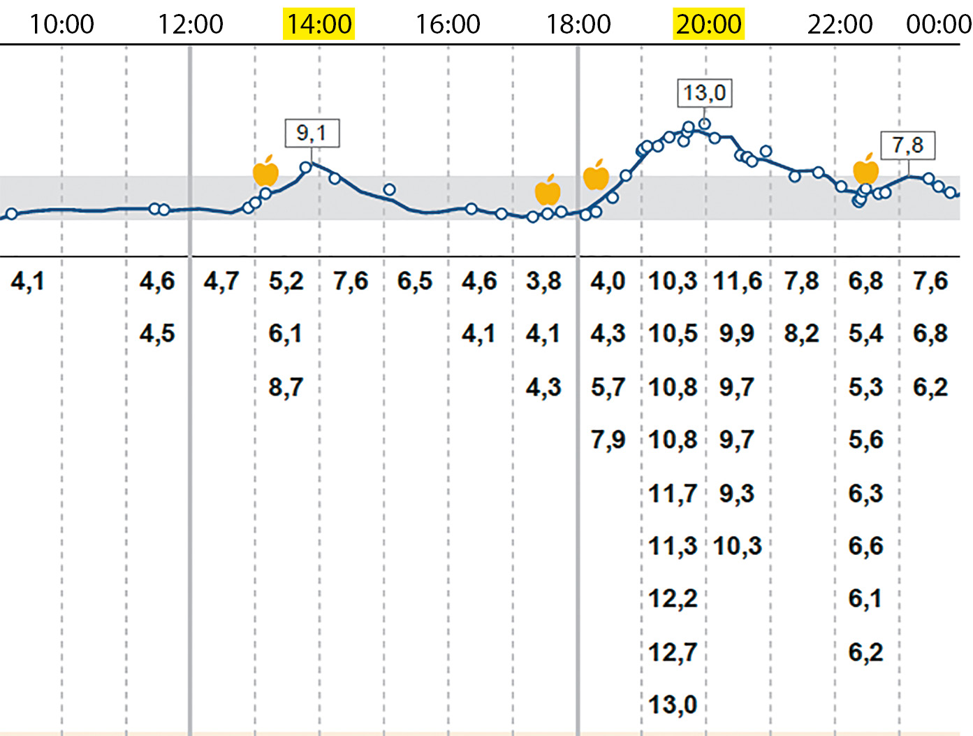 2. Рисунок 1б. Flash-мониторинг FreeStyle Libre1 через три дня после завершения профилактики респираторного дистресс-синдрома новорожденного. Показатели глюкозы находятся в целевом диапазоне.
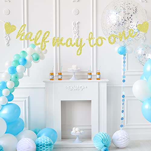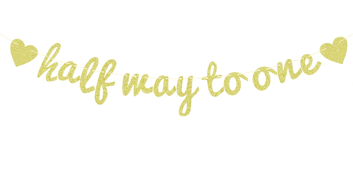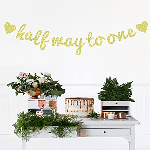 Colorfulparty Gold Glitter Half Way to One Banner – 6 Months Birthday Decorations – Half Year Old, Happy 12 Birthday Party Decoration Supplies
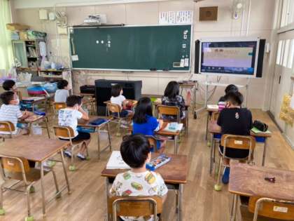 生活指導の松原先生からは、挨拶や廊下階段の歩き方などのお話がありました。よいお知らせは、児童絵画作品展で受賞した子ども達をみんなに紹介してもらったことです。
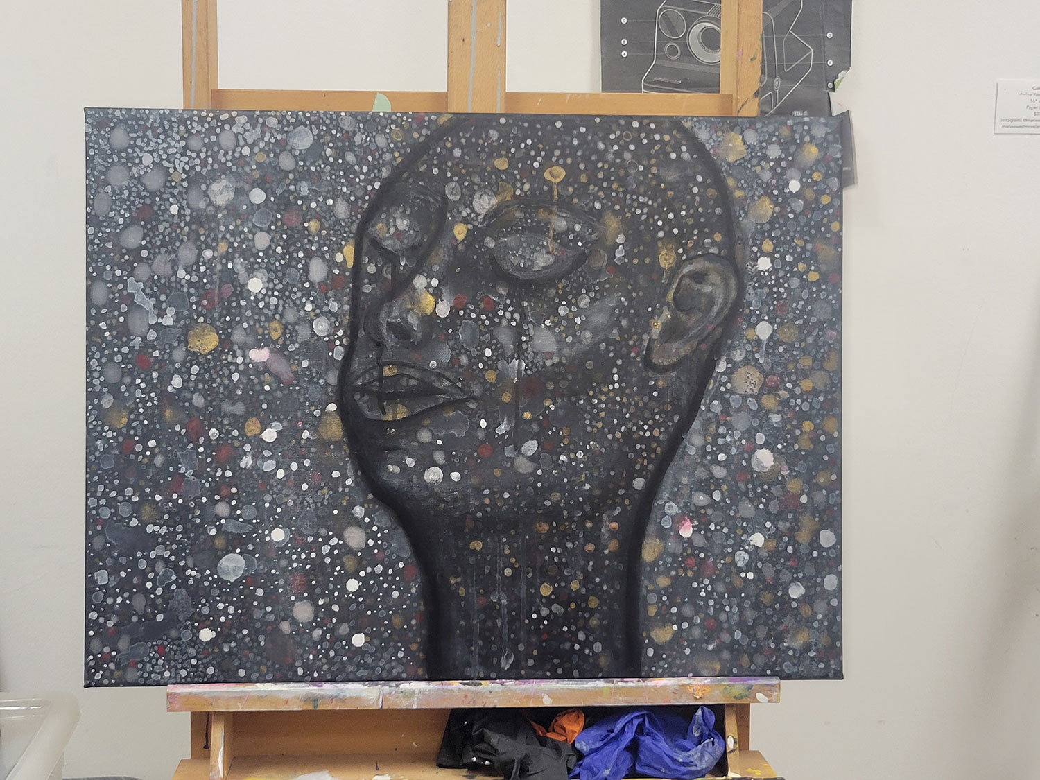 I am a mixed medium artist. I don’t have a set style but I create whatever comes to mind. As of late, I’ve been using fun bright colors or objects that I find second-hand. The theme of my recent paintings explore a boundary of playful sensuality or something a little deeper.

★ ★ ★

| WHAT TO DO |
Reproduce exactly, and only, the lines that begin at the one containing "生活指導の松原先生からは、挨" and end with the final line of the data, both included, while omitting every picture.

| COMPLETED EXERCISE |
 生活指導の松原先生からは、挨拶や廊下階段の歩き方などのお話がありました。よいお知らせは、児童絵画作品展で受賞した子ども達をみんなに紹介してもらったことです。
 I am a mixed medium artist. I don’t have a set style but I create whatever comes to mind. As of late, I’ve been using fun bright colors or objects that I find second-hand. The theme of my recent paintings explore a boundary of playful sensuality or something a little deeper.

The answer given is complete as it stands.